When I came before Sri Sri Radha-Gokulananda this morning, I thought of Srila Prabhupada, how he came here and installed the Deities. There are many wonderful pictures and even live footage of him offering arati and dancing in kirtan before the Deities. And I thought of how Prabhupada endeavored ceaselessly to preach the message of Sri Krishna Chaitanya and to give facility to devotees to progress in Krishna consciousness. He voyaged alone by steamship, arriving in America at the age of seventy, not knowing anyone. On the order of his spiritual master, between the ages of seventy and eighty-two he preached and spread Krishna consciousness and created so many facilities for the devotees, like Bhaktivedanta Manor, all over the world. I thought, “What selfless service. What surrender. What dependence on the Lord. How much the Lord must love Srila Prabhupada.”

Then I thought of myself: “Now I am sixty-two.
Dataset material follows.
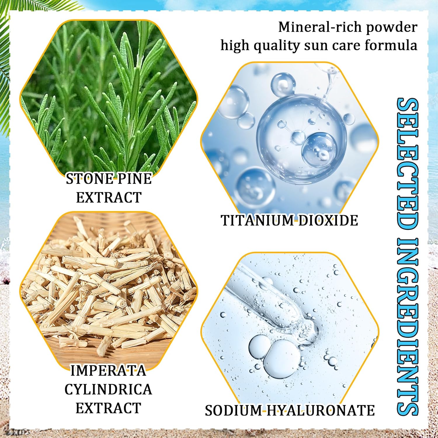 - đșăSuitable for Various Skin TypesăSunscreen powder is suitable for dry, oily and sensitive skin types, it also provides you with SPF50+, which is ideal for you to use during your daily commute or other outdoor activities, and can provide you with an effective sun protection experience.

Who knows what condition I’ll be in when I am seventy, the age at which Srila Prabhupada arrived in America. And I have so many people to help me. By Srila Prabhupada’s grace, there are devotees practically everywhere I go. I have people to travel with me and to help me with my luggage. And I go by plane. I don’t go by steamship, by cargo carrier. Yet even then, it is so hard to travel—really hard.

“And Srila Prabhupada had no one. Externally, he was all alone. He began at the age of seventy—he traveled by steamship, cargo carrier—and he served the Lord in the best way by preaching the message of Krishna and making devotees, caring for them, protecting them, encouraging them, and giving them every facility to progress in Krishna consciousness. What deep love for the conditioned souls, for his spiritual master, and for Krishna resided in Srila Prabhupada’s heart! And reciprocally, what love for Srila Prabhupada resided in Krishna’s heart!”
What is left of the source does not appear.